İddialarının doğruluğu her iki tarafça da kanıtlanmamış ve söylemleri daha ziyade söylentiler üzerine inşa edilmiş bulunan Türk ve Fransız taraflarının tarihi bir şahsiyeti bu denli önemli bulmalarının gerisindeki neden, pek tabii ki onun ait olduğu ırki köken, yaşadığı serüven yahut haremde bir sultan olmasından ziyade, Türk-Fransız siyasi ilişkilerinin tarihsel boyutu ile yakından alakalı olsa gerekir.
Sultan Abdülaziz'in 1867 Paris seyahati ve bu seyahat sırasında Napolyon Bonapart'ın eşi Josephine'in torunu III. Napolyon’nun Fransız basınına Sultan Abdülaziz ile akraba olduklarından bahsetmesi şarkın manen ve madden en büyük sultanına karşı yapılabilecek oldukça yerindeki bir dostluk jestinin ötesinde Türk-Fransız dostluğunu öne çıkarmak anlamında Fransız kamuoyunu yönlendirme noktasında yapılan yine oldukça yerinde bir algı operasyonundan başka bir şey olmasa gerekir.
Fransız tarihçilerin böyle bir iddia ile ortaya çıkmış olmasının tarihi arka planında Avrupa’daki kral ve kraliçeler arasında geçerli olan akrabalık bağlarının kültürel etkisinin mevcudiyetinden de söz etmek mümkündür. Uluslararası ilişkilerde ve ittifaklar tesis etmede yahut anlaşmazlıkların çözümünde akrabalıkların önemi ve sağladığı avantajlar malumdur.
Bu anlamda Alman Kayzeri İngiltere Kraliçesi Victoria’nın torunu, 1901’de tahta geçecek olan Kral Edward’ın yeğeniydi. Danimarka Kralı IX. Christian ise Kral Edward’ın kayınpederiydi.
Yunan Kralı I. Georg Edward’ın kayınbiraderi, Çar III. Alexander’ın hanımı Dagmar ise Edward’ın baldızıydı.
Bulgaristan Prensi Ferdinand’ın babası Kraliçe Victoria’nın kuzeni, annesi ise Fransa Kralı Lui Filip’in kızıydı. Romanya Kralı I. Karol da Fransa İmparatoru III. Napolyon’un kuzeniydi.
Aimée du Buc de Rivéry'nin Nakşidil Sultan olduğu iddiası bir hakikat yahut bir yakıştırmadan ibaret olsa da Türk-Fransız siyasi, kültürel ve dostluk ilişkilerinin şekillenmesinde önceki yüzyılda ne denli etkili ve faydalı olmuştur, işin bu tarafı herhalde daha mühimdir.

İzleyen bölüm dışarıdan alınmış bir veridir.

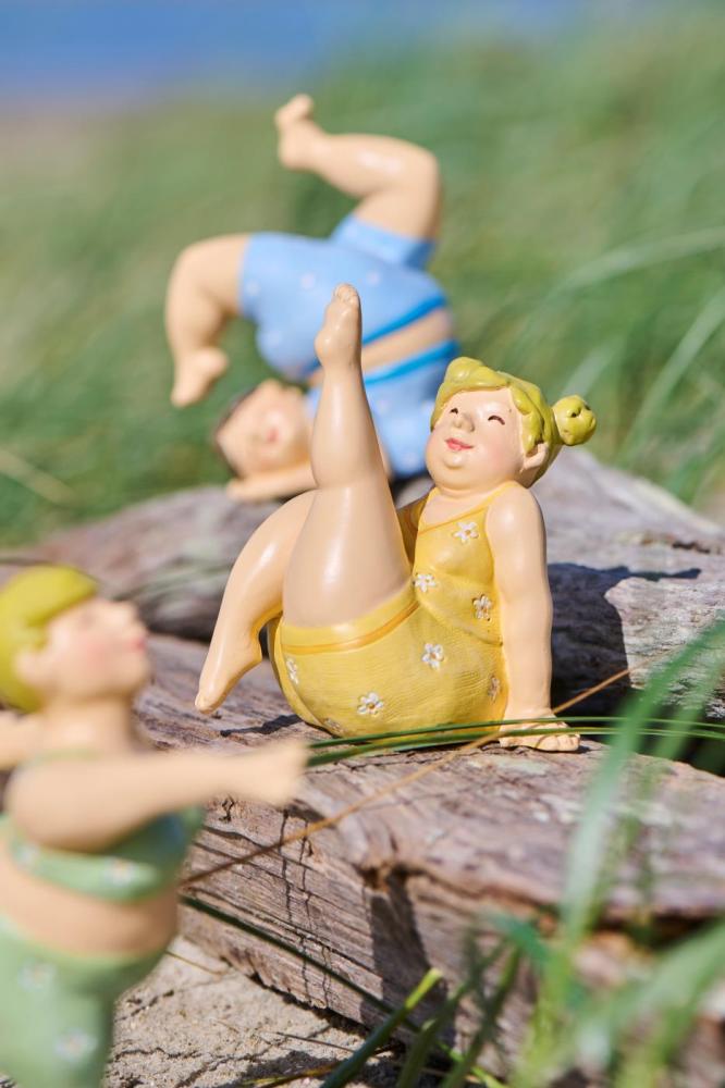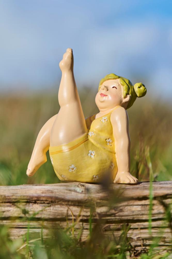 Yogadamer att bli glad av! Denna rundlätta dam sitter på golvet i en gul trikå med små vita blommor.
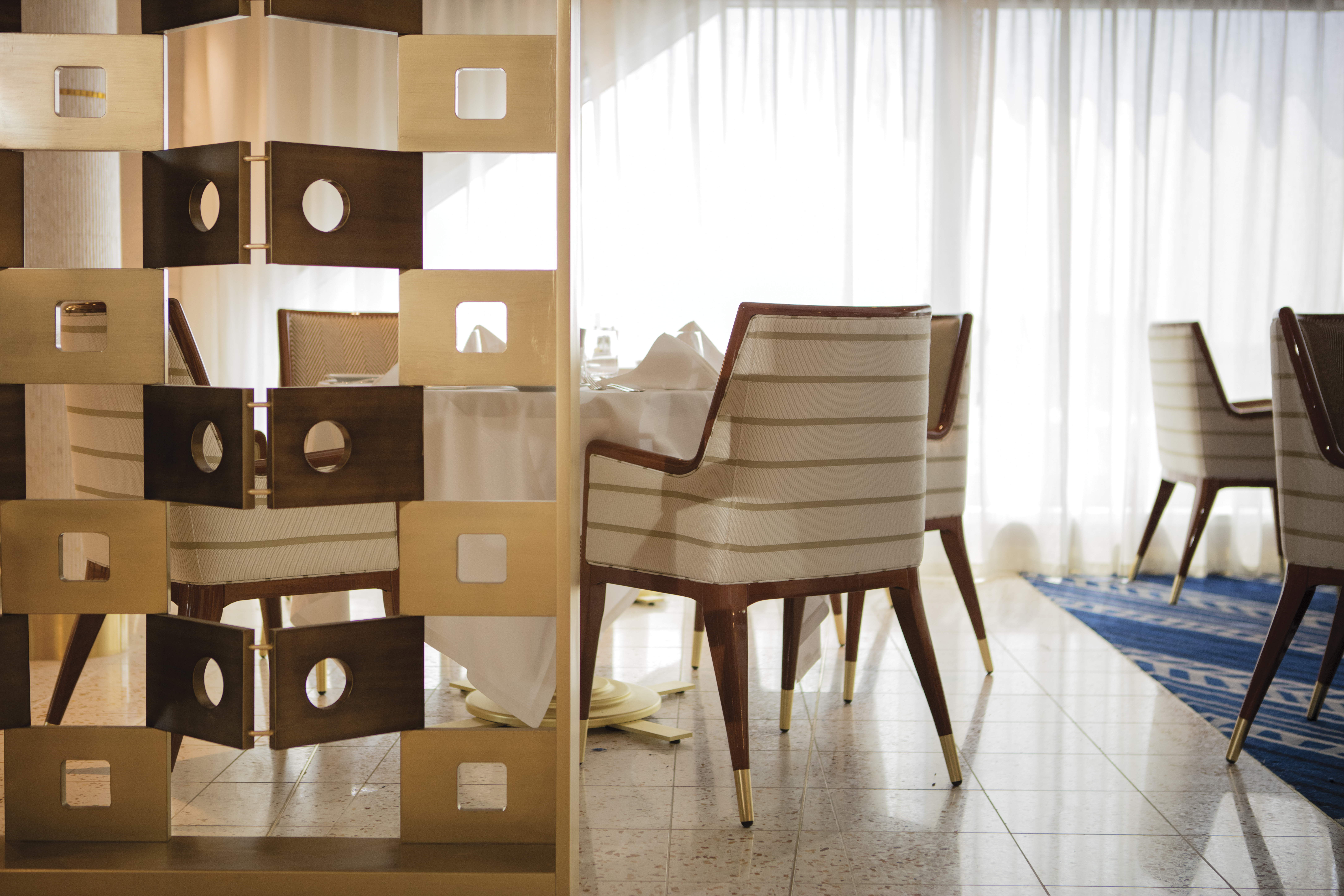 Walk through a black and gold-lit tunnel and be instantly captivated. This chic yet comfortable lounge features an impressive bar, dazzling geometric ceiling, ample seating and floor-to-ceiling windows that create a magical atmosphere. Musicians perform throughout the day, creating an alluring vibe that sets just the right mood as you unwind with a pre-dinner cocktail or satisfying nightcap.
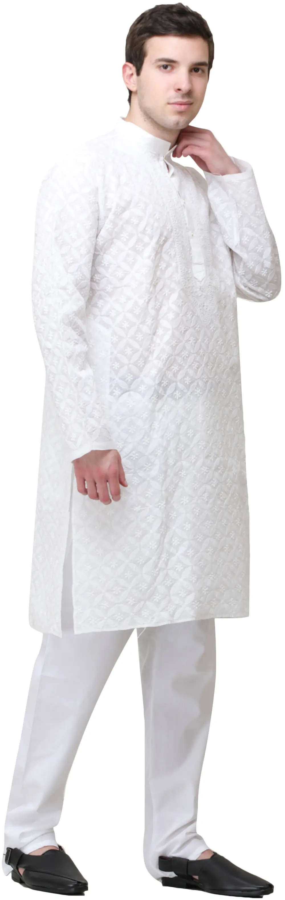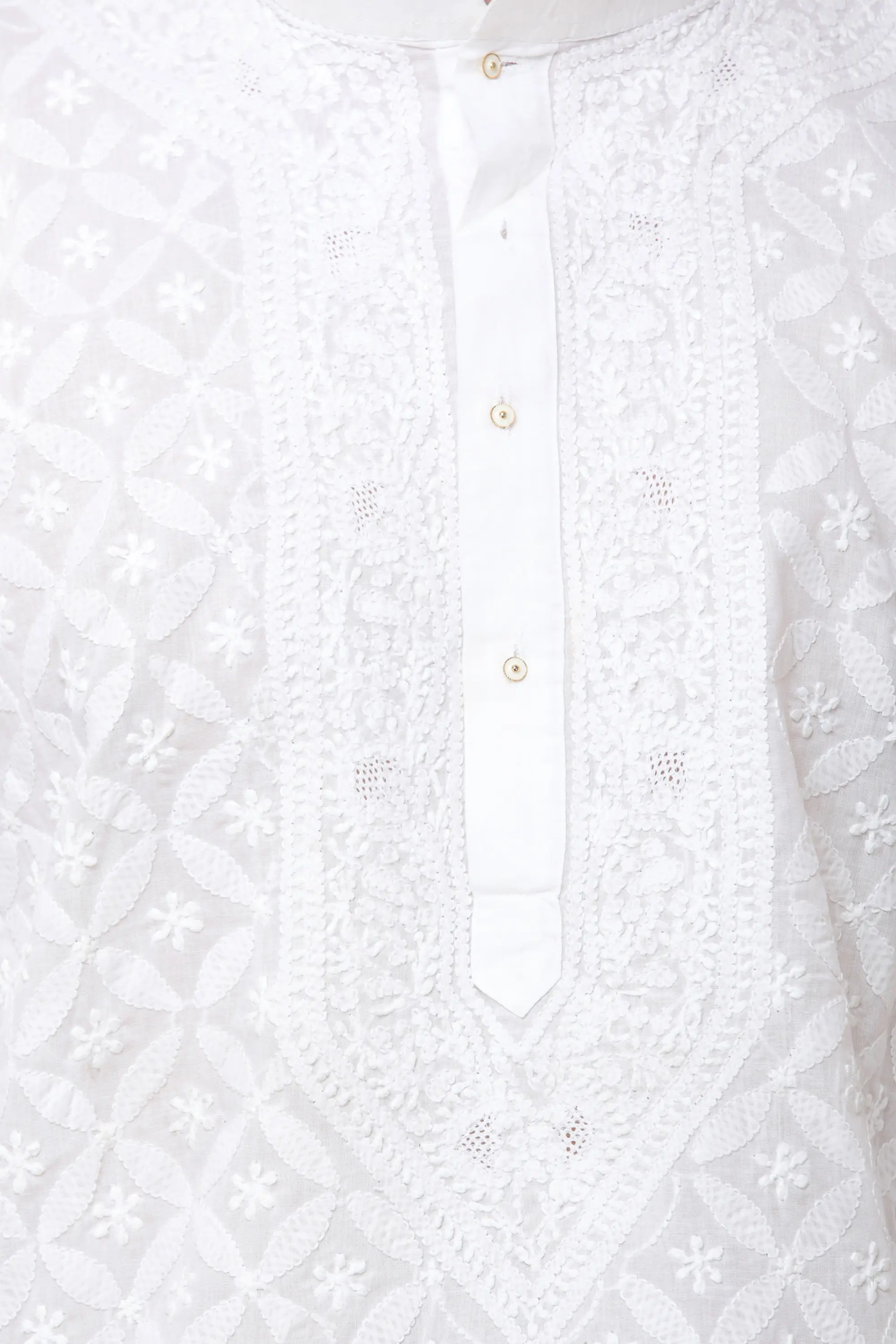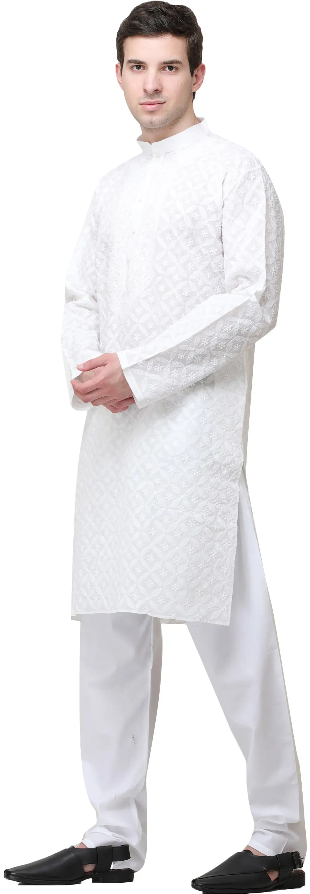 Snow-White Kurta Pajama with Lucknavi Chikan Embroidery All-Over
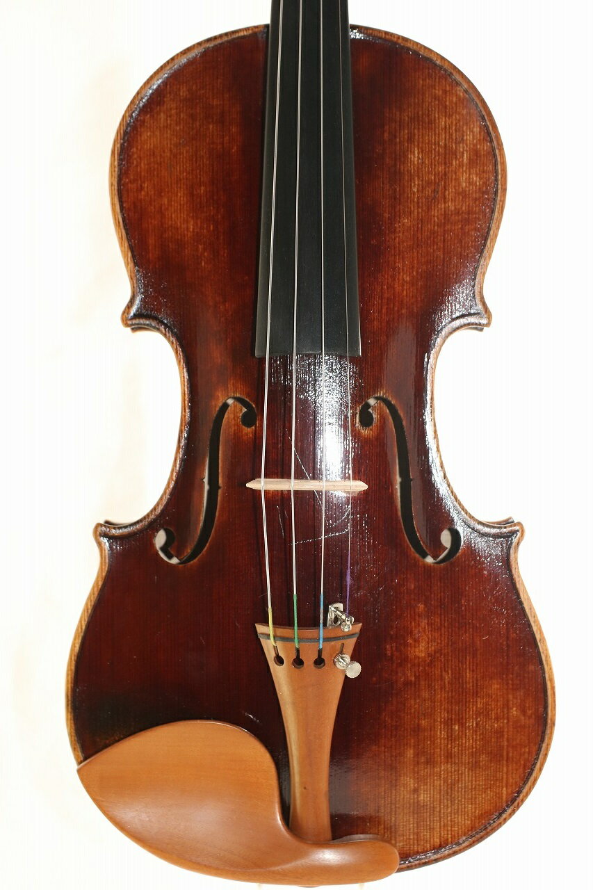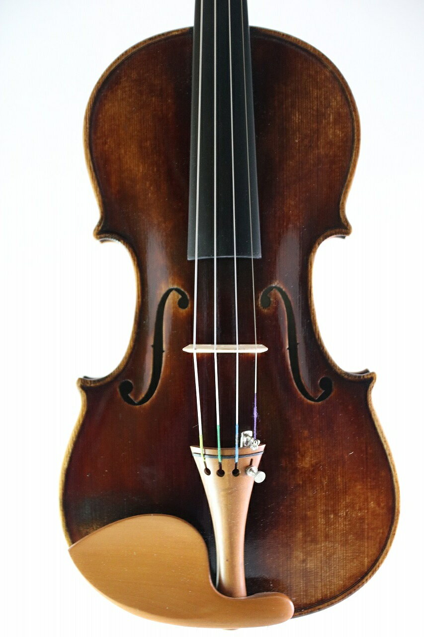 ♪マスター・バイオリン♪ ボーン上ナット オールド仕上げ 50年物スプルース材 ストラディバリ・モデル4/4 ボーンの上ナットが高級感を漂わせています。上級者の使用を前提に製作した「マスター・レベル」の楽器です。 オールド風のニス仕上げでニスのはげ具合を再現しています。表板のスプルースは50年物で、裏板も高品質なメープルです。 ストラドモデル。美しい杢目のでた2枚裏板です。 モデルは違いますが、同じ製作者のバイオリンの音色を視聴してみてください。(一番下の写真をクリック!) Vecchio工房、2021年製作 この製作者の他の作品はこちらです。 表面は厳選した自然のスプルース(木材)を使用。自然乾燥。 裏側は厳選されたメープル材を使用。自然乾燥 弓、ケースもついてます。バイオリンは一体一体手作りなので、似ているかもしれませんが、商品番号の違う商品の画像はそれぞれ異なります。大量生産の品では味わえない、手作り、ONLY ONEのよさをご堪能下さいませ。
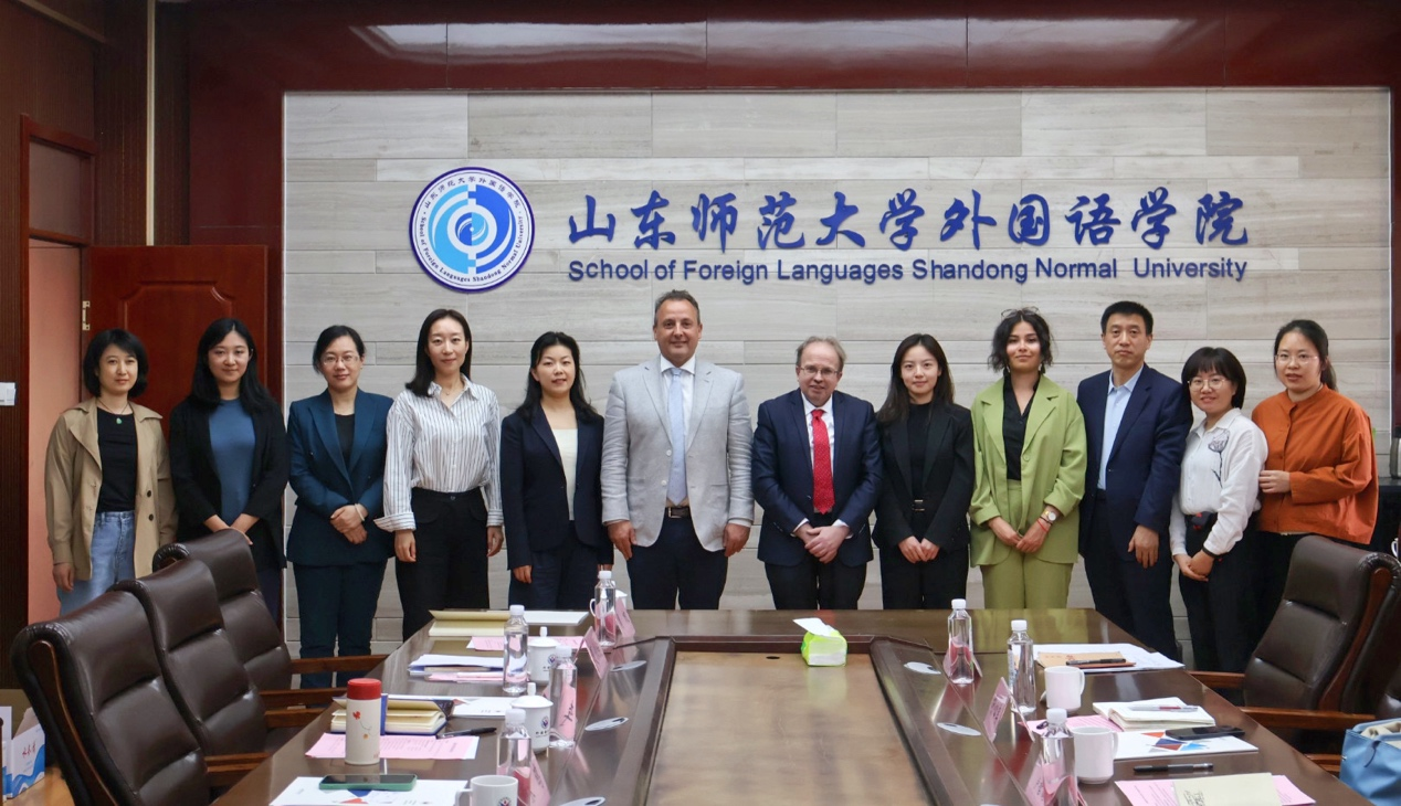 2024年4月12日下午,法国驻华大使馆教育合作负责人Xavier Loustaunau、法语师资培训负责人Didier Hetet、教育合作官员Célia Hoarau和胡心美女士四位代表访问英国正版365首页。学院党委书记岳希亮、副院长张媛,国际交流与合作处副处长张鸥、专家科副科长范峻伟,国际教育与交流指导中心李静、夏冰洁出席活动。双方就开展法语专业教师交流及联合师资培训等进行交流与探讨。
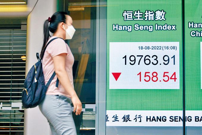 他續指,目前成交金額偏淡,美國下月議息結果及內地經濟數據出爐後,對大市才有指導性方向,預期短期恒指將在20000點徘徊,上落區間300至500點。
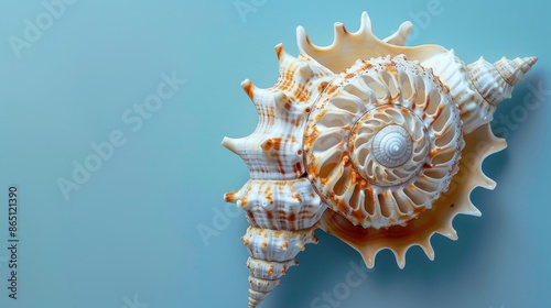 © wannathon, Obraz premium A seashell with intricate patterns, against a pale blue background.

Ayrıca Osmanlı sultanlarının birçok milletten birçok evlilik yaptıkları dikkate alındığında böyle bir iddiayı reddetmenin ve illa da, “o bir Gürcü idi” demenin de fazla bir faydası yoktur.
Söz konusu iddianın doğruluğunun ispat edilmesi halinde Türk-Fransız ilişkileri tarihini, en azından bir yönüyle, yeniden yazmak gerekecektir.
Türk-Fransız ilişkilerinin gerilip kopma noktasına geldiği bu günlerde siyaset ufkunun yeniden sükûn bulabilmesi için eski yahut yeni bir versiyonu ile yeni bir Aimée du Buc de Rivéry yahut Nakşidil Sultan hikâyesine acaba ihtiyaç yok mudur! En azından TV kanallarında yahut beyaz perdelerde.